Özgür Arzucan, Hur Junguk, He Yongqun
Department of Computer Engineering, Bogazici University, 34342 Istanbul, Turkey.
Department of Biomedical Sciences, University of North Dakota School of Medicine and Health Sciences, Grand Forks, ND 58202 USA.
BioData Min. 2016 Dec 19;9:41. doi: 10.1186/s13040-016-0118-0. eCollection 2016.
The Interaction Network Ontology (INO) logically represents biological interactions, pathways, and networks. INO has been demonstrated to be valuable in providing a set of structured ontological terms and associated keywords to support literature mining of gene-gene interactions from biomedical literature. However, previous work using INO focused on single keyword matching, while many interactions are represented with two or more interaction keywords used in combination.
This paper reports our extension of INO to include combinatory patterns of two or more literature mining keywords co-existing in one sentence to represent specific INO interaction classes. Such keyword combinations and related INO interaction type information could be automatically obtained via SPARQL queries, formatted in Excel format, and used in an INO-supported SciMiner, an in-house literature mining program. We studied the gene interaction sentences from the commonly used benchmark Learning Logic in Language (LLL) dataset and one internally generated vaccine-related dataset to identify and analyze interaction types containing multiple keywords. Patterns obtained from the dependency parse trees of the sentences were used to identify the interaction keywords that are related to each other and collectively represent an interaction type.
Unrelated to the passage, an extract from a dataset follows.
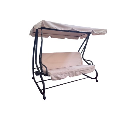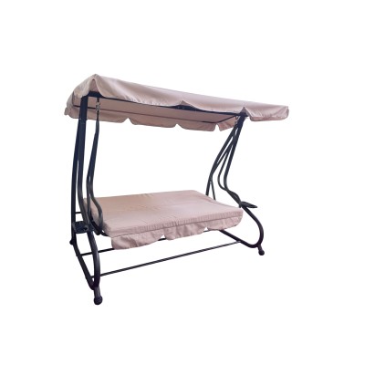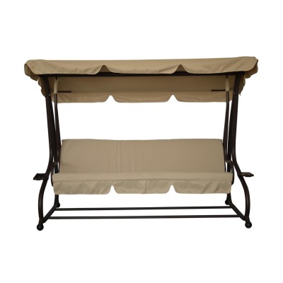 Κούνια εξωτερικού χώρου με ατσάλινο σκελετό γκρι χρώματος και αφαιρούμενο μαξιλάρι καθίσματος και πλάτης, από μπεζ πολυεστέρα. Κατάλληλο για 3 άτομα, ιδανικό για τοποθέτηση στον κήπο ή τη βεράντα. Διαθέτει ανακλινόμενη οροφή, αφαιρούμενο κάλυμμα μαξιλαριού (για εύκολο καθάρισμα), θήκη ποτών και ανακλινόμενη πλάτη 2 θέσεων. Το κάθισμα μπορεί να μετατραπεί σε άνετο κρεβάτι για 2 άτομα, πρακτικό και άνετο. Κατασκευασμένο με ανθεκτικά υλικά και αφαιρούμενα μαξιλάρια για ευκολότερη συντήρηση. Υποστηρίζει έως 180 κιλά. Διαστάσεις: 200 x 120 x 164 cm (πλάτος x βάθος x ύψος). Για συντήρηση, συνιστούμε να το αποθηκεύετε σε εσωτερικό χώρο, μακριά από το άμεσο ηλιακό φως και να το αποθηκεύετε σε στεγνό και αεριζόμενο μέρος όταν δεν χρησιμοποιείται (ή να το καλύπτετε με κάλυμμα επίπλων).
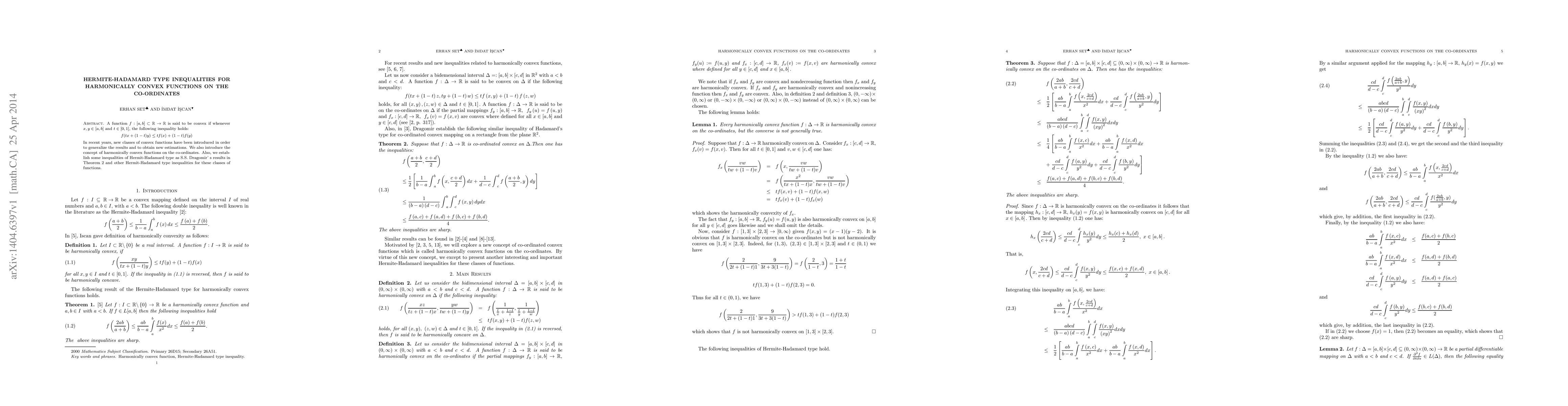 In recent years, new classes of convex functions have been introduced in order to generalize the results and to obtain new estimations. We also introduce the concept of harmonically convex functions on the co-ordinates. Also, we establish some inequalities of Hermit-Hadamard type as S.S. Dragomir' s results in Theorem 2 and other Hermit-Hadamard type inequalities for these classes of functions.

The INO ontology currently has 575 terms including 202 terms under the interaction branch. The relations between the INO interaction types and associated keywords are represented using the INO annotation relations: 'has literature mining keywords' and 'has keyword dependency pattern'. The keyword dependency patterns were generated via running the Stanford Parser to obtain dependency relation types. Out of the 107 interactions in the LLL dataset represented with two-keyword interaction types, 86 were identified by using the direct dependency relations. The LLL dataset contained 34 gene regulation interaction types, each of which associated with multiple keywords. A hierarchical display of these 34 interaction types and their ancestor terms in INO resulted in the identification of specific gene-gene interaction patterns from the LLL dataset. The phenomenon of having multi-keyword interaction types was also frequently observed in the vaccine dataset.
By modeling and representing multiple textual keywords for interaction types, the extended INO enabled the identification of complex biological gene-gene interactions represented with multiple keywords.
相互作用网络本体(INO)从逻辑上表示生物相互作用、途径和网络。INO已被证明在提供一组结构化本体术语和相关关键词以支持从生物医学文献中挖掘基因-基因相互作用方面具有价值。然而,之前使用INO的工作侧重于单个关键词匹配,而许多相互作用是由两个或更多组合使用的相互作用关键词来表示的。
本文报告了我们对INO的扩展,以纳入在同一句子中同时出现的两个或更多文献挖掘关键词的组合模式,以表示特定的INO相互作用类别。此类关键词组合和相关的INO相互作用类型信息可通过SPARQL查询自动获取,以Excel格式格式化,并用于INO支持的SciMiner(一个内部文献挖掘程序)。我们研究了常用基准语言学习逻辑(LLL)数据集中的基因相互作用句子以及一个内部生成的疫苗相关数据集,以识别和分析包含多个关键词的相互作用类型。从句子的依存句法分析树中获得的模式用于识别相互关联并共同表示一种相互作用类型的相互作用关键词。
INO本体目前有575个术语,其中相互作用分支下有202个术语。INO相互作用类型与相关关键词之间的关系使用INO注释关系“具有文献挖掘关键词”和“具有关键词依存模式”来表示。关键词依存模式通过运行斯坦福解析器以获得依存关系类型来生成。在LLL数据集中以双关键词相互作用类型表示的107种相互作用中,有86种通过使用直接依存关系得以识别。LLL数据集包含34种基因调控相互作用类型,每种类型都与多个关键词相关。对INO中这34种相互作用类型及其祖先术语的层次显示导致从LLL数据集中识别出特定的基因-基因相互作用模式。在疫苗数据集中也经常观察到具有多关键词相互作用类型的现象。
通过对相互作用类型的多个文本关键词进行建模和表示,扩展后的INO能够识别由多个关键词表示的复杂生物基因-基因相互作用。